Server-Level Guardrails
Set these to prevent runaway queries from affecting the entire cluster:
-- Per-query memory limit (default: unlimited, which is dangerous)
SET max_memory_usage = '10000000000'; -- 10GB per query
-- Total memory for all queries
SET max_memory_usage_for_all_queries = '50000000000'; -- 50GB total
-- Maximum rows a query can scan (prevents accidental full table scans)
SET max_rows_to_read = '1000000000'; -- 1 billion rows
Configure these in the server's users.xml or config.xml for default profiles, not just per-session.
Monitoring Memory Usage
Track query memory usage over time:
SELECT
query_id,
user,
left(query, 80) AS query_preview,
memory_usage,
formatReadableSize(memory_usage) AS memory_readable,
read_rows,
elapsed
FROM system.processes
ORDER BY memory_usage DESC;
For historical analysis:
SELECT
left(query, 80) AS query_preview,
type,
query_duration_ms,
formatReadableSize(memory_usage) AS peak_memory,
read_rows,
event_time
FROM system.query_log
WHERE type = 'QueryFinish'
AND memory_usage > 1000000000 -- > 1GB
ORDER BY event_time DESC
LIMIT 20;
Replication Lag in Distributed Setups
For Replicated*MergeTree tables, replicas synchronize through ClickHouse Keeper (the built-in replacement for ZooKeeper, available since ClickHouse 21.8). Each insert creates a log entry in Keeper that replicas must fetch and replay.
What Causes Replication Lag
- Network issues between replicas or between replicas and Keeper
- Slow disk on a replica that can't write parts as fast as the primary produces them
- High insert rates that overwhelm Keeper's throughput
- Keeper instability (high latency, connection drops)
Monitoring Replication Health
SELECT
database,
table,
is_leader,
total_replicas,
active_replicas,
queue_size,
inserts_in_queue,
merges_in_queue,
absolute_delay
FROM system.replicas
WHERE queue_size > 0 OR absolute_delay > 0
ORDER BY absolute_delay DESC;
Key metrics:
queue_size > 100: Replica is significantly behindabsolute_delay > 300: More than 5 minutes of replication lag, investigate immediatelyactive_replicas < total_replicas: A replica is down or disconnected
Key Metrics to Monitor
If you're setting up ClickHouse monitoring, here's a prioritized list of what to track:
| Priority | Metric | Source | Why It Matters |
|---|---|---|---|
| Critical | Active parts per partition | system.parts | "Too many parts" kills inserts |
| Critical | Merge queue depth | system.merges | Merge storms degrade all queries |
| High | Query memory peaks | system.query_log | Unbounded queries crash servers |
| High | Replication lag | system.replicas | Data consistency depends on it |
| Medium | Insert throughput | system.events | Drops indicate upstream or config issues |
| Medium | ZooKeeper/Keeper latency | system.zookeeper | Replication depends on Keeper health |
| Low | Disk usage per table | system.parts | Capacity planning |
Automating ClickHouse Monitoring
Querying these system tables manually works for one-off investigations, but production ClickHouse deployments need continuous automated monitoring. The challenge is that monitoring ClickHouse through its own system tables creates a "monitoring observing itself" problem: heavy queries against system.query_log on a busy cluster can themselves impact performance.
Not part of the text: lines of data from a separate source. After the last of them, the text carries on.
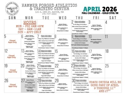 Find out more »Hammer Forged Athletics & Training Center Full Calendar
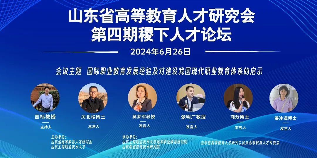 6月26日,山东省高等教育人才研究会第四期稷下人才论坛在山东工程职业技术大学举办。本次活动由山东省高等教育人才研究会、山东工程职业技术大学主办,山东职业教育技术研究院、山东省高等教育人才研究会民办高等教育人才专委会以及我校高等职业教育研究院承办,采用线上线下相结合方式召开。论坛主题为国际职业教育发展经验及对建设我国现代职业教育体系的启示,特邀山东职业技术教育研究院常务副院长吉标教授、澳大利亚职业教育联盟秘书长关北松博士为主讲人,学校校长吴梦军教授、山东职业技术教育研究院张明广副教授、山东师范大学刘芳博士和娄冰凝博士出席论坛。学校督学张玉惕、无课教师、山东师范大学研究生以及山东省高等教育人才研究会会员参加活动。活动由吉标教授主持。
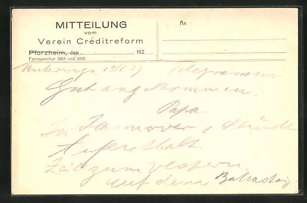 AK Pforzheim, Mitteilung vom Verein Creditreform
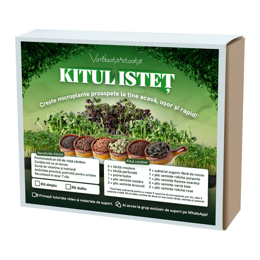 Kitul Isteț conține tot ceea ce ai nevoie pentru a crește microplante proaspete în confortul casei tale: de la substratul organic și semințele atent selectate, până la tăvițele de germinare și pulverizatorul pentru udare.
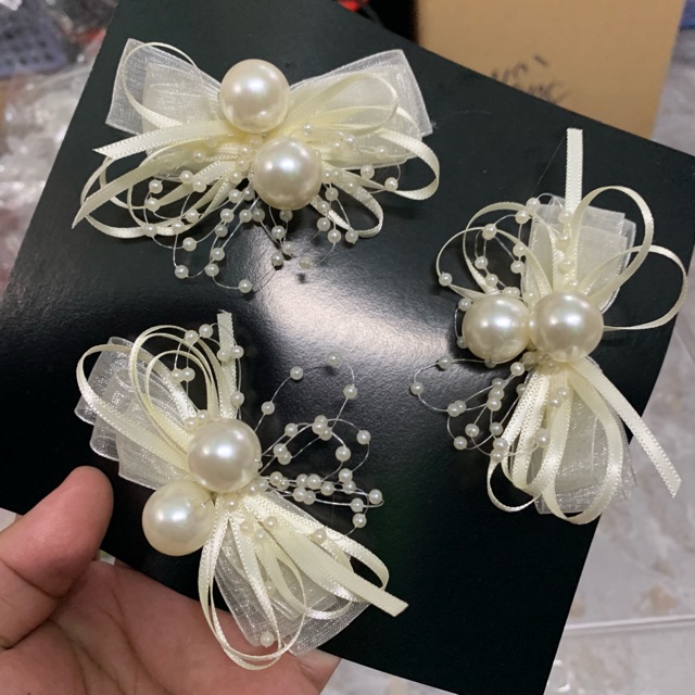 #bộcaitoc #caitocdep #caitoccodau bộ ba kẹp cài tóc cô dâu duy băng hạt trai trắng kem thích hợp cài tóc cô dâu cài tóc tiệc
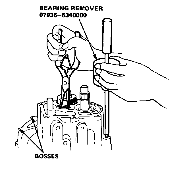 13. Loosen the transmission housing by tapping on bosses around its edge with a soft hammer. Remove the attachment from the remover then screw its threaded end into the hole in the transmission housing as shown. Expand the snap ring while tapping upward on the case using the bearing remover.
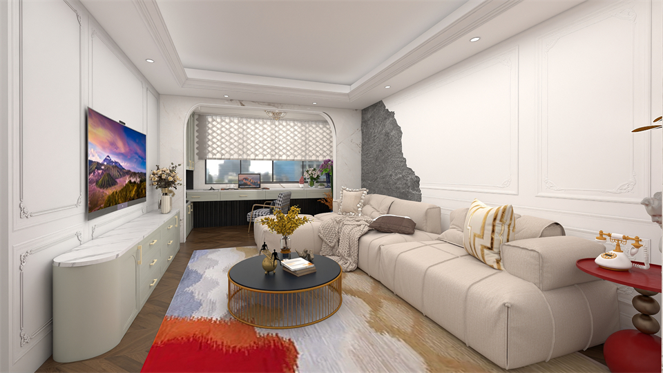 客廳電視櫃采用大麵(miàn)積(jī)的滄露白花色作為主(zhǔ)色調,搭(dā)配(pèi)水磨石地板,渲染出質雅藝術的時尚極簡風格。滿牆電視櫃全包圍設計與帶(dài)燈鋁(lǚ)層板開放格結合,收藏得(dé)宜,簡潔利落。

Basira's approach is to run a lightweight agent that connects as a read-only user, collects from system tables at configurable intervals, and ships the data to an external analytics backend. Basira's ClickHouse monitoring understands the ClickHouse monitoring gap and tracks MergeTree-specific metrics (parts, merges, insert health) that general-purpose APM tools miss.
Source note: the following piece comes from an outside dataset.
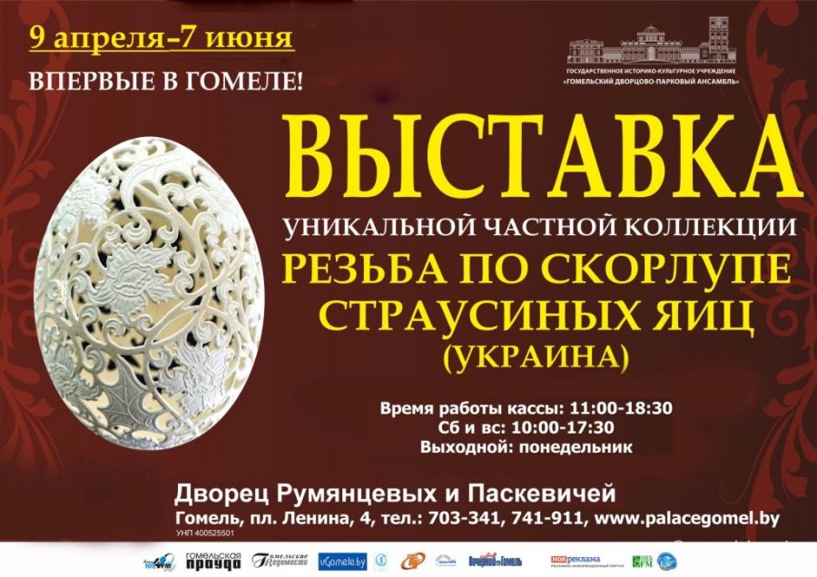 8 апреля, по благословению Преосвященнейшего Стефана, в музее Гомельского дворцово-паркового ансамбля начнет работу выставка уникальной частной коллекции «Резьба по скорлупе страусиных яиц», где будут представлены работы мастера Дмитрия Денисенко из Украины.Организатором выставки выступили: государственное историко-культурное учреждение «Гомельский дворцово-парковый ансамбль, генеральный директор – А.В. Гостев, директор музея учреждения – О.В. Торопова.
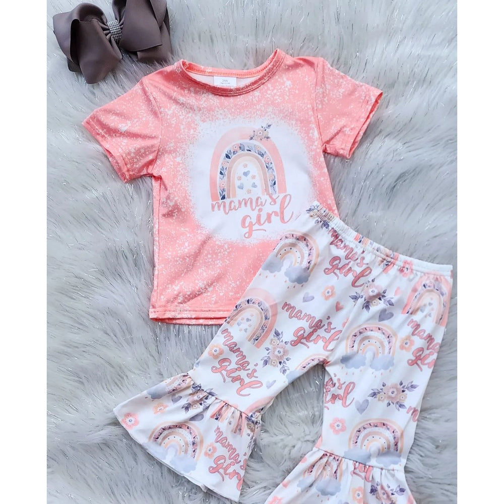 Wholesale Children's Rainbow Print Short Sleeve Bell Bottoms Two Piece Children's Clothing Set

If you're running ClickHouse alongside PostgreSQL, having both database types in a single monitoring tool with consistent pricing ($29/db/month regardless of engine or cluster size) eliminates the need to maintain separate monitoring stacks. The agent setup is API-driven and takes a few minutes.
For teams that prefer to build their own monitoring, the system tables and queries in this guide are a solid starting point. The critical thing is to collect this data continuously, not just when something breaks.